Lord of the Wings

It's grown from a silly little radio stunt into Philadelphia's grandest, goofiest spectacle — a sauce-smeared rival to the Mummers Parade. But could Wing Bowl be losing its soul? Its greatest champion doesn't care. He's just hungry for revenge

His fork stabs into enemy territory as we relinquish our dinners, bit by bit:

"I’ll steal some of Mommy’s butter off her potatoes," says Bill. "She don’t need all o’ that." He swabs the butter on his broccoli and lets out a muffled sound of awe. "We’re huge vegetable eaters," he tells me, staring at an entrée with a 10-to-one meat-to-veggie ratio. "How much broccoli do we eat, hon?" Debbie agrees they eat lots of broccoli. Bill turns toward his daughter Ashley. "How is it? It’s good, isn’t it? I’ll take that crust when you’re done."

Bill has always been a competitor. Growing up in National Park, New Jersey, he played semipro baseball through high school, and even earned tryouts with the Phillies and the Atlanta Braves. He blew them off. "Opportunity has knocked on doors for him," says Felicia, Bill’s mother, "but he has not, ah, I guess, listened to that knock." Temple’s baseball coach once visited Bill’s high school to scout him, but Bill cut school that day. "I was into partyin’," he says. "They said I had raw talent, but my head wasn’t in it." He laughs. "I kinda let myself down."

When Bill was 19, his girlfriend got pregnant, so he married her, had a son, and went right to work. The marriage ended in divorce. "That’s the part of my life I don’t like to talk about," he says. Bill’s son is now 24; Bill hasn’t spoken to him in a year.

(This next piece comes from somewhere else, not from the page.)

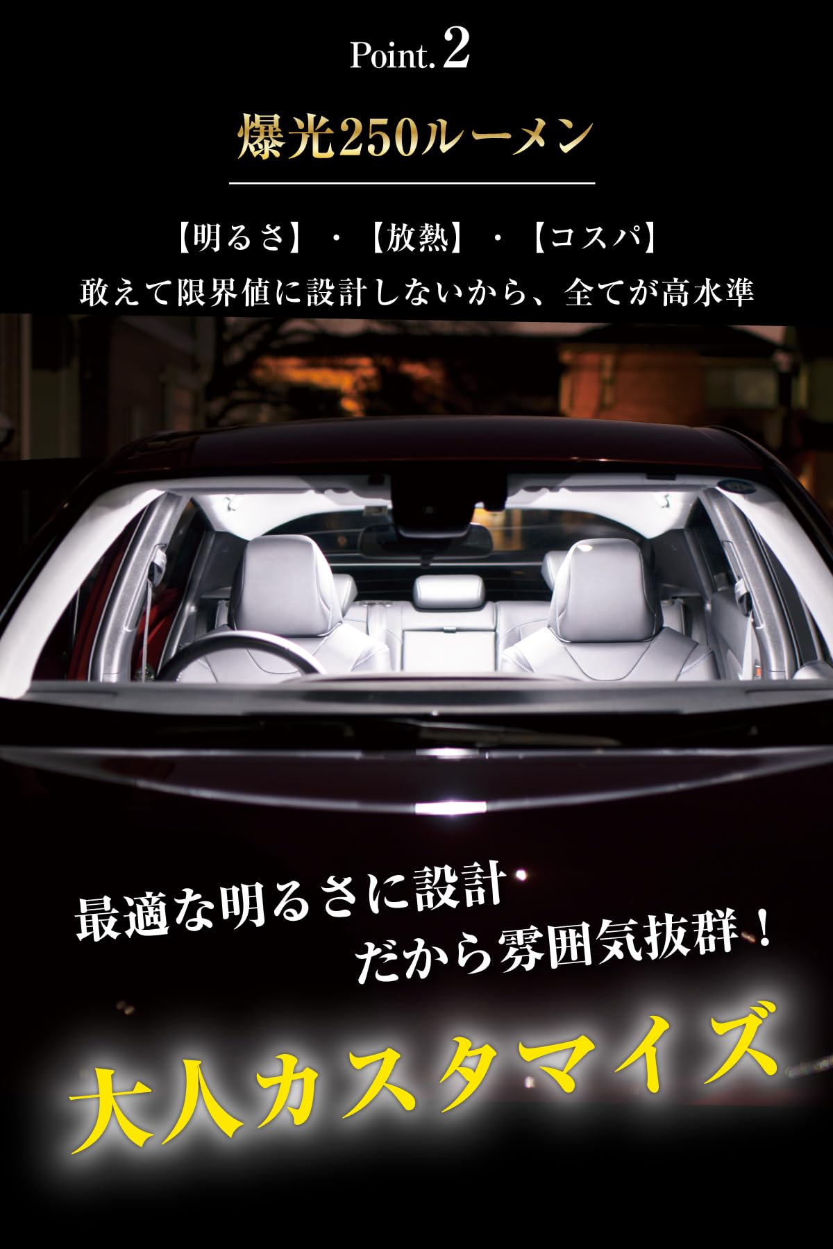 【ちょうど良い爆光】●ムード溢れる爆光 車内を明るくロマンチックな空間に●驚きの1球250ルーメン 所有する喜びを商品に搭載●凄く明るく高耐久 早く買っておけばよかった そんなLEDです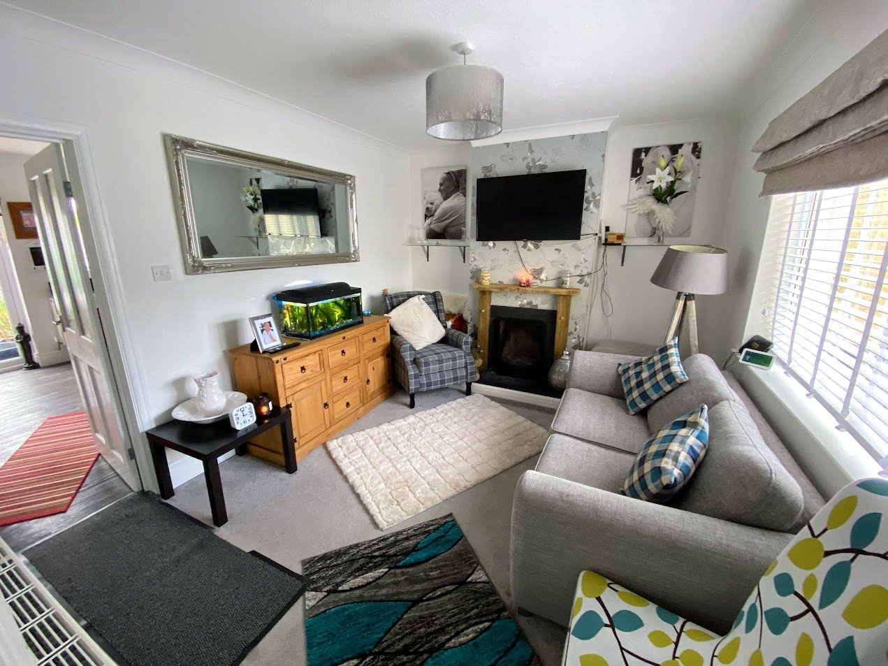 Carpeted floor, solid fuel working fire with wooden mantel and slate hearth, uPVC double glazed window, pendant light, radiator

Sports didn’t work out, so Bill had to do something else. Says Bob Thomas, Bill’s longtime friend and grade-school buddy, "Ever since we were kids, Billy always wanted to be … somethin’." Wing Bowl gave him that opportunity. A few years back, one of Bill’s friends mentioned Bill’s love of chicken to Kevin "Heavy Keavy" O’Donnell, a two-time Wing Bowl champ. Keavy encouraged Bill to sign up for Wing Bowl VII, where Bill — totally unknown, a long shot — ate 113 wings to take the crown. The next year, Bill got the flu on game day and lost, but he went on to win the next three Wing Bowls handily.

Like the athlete he is, Bill worked out a training regimen. Two months before Wing Bowl, around Thanksgiving, he chucks six pounds of Tootsie Rolls in the fridge. Two weeks before Wing Bowl, he chews on them to strengthen his jaw. "Tootsie Rolls don’t really dissolve," he says. "After doing that, I could probably chew this table in half." In the weeks to come, he stretches his stomach by gorging on Puerto Rican rice and beans and chicken; he also chugs gallons of water, to absorb all that rice. Then, the day before Wing Bowl, Bill starves himself. The next morning, Debbie chops up a few onions and unwraps a stick of butter, and sizzles them in a frying pan with heaps of bacon. Pretty soon the whole house smells like breakfast, and El Wingador awakens, "hungrier than a mud bear," ready to devour the world.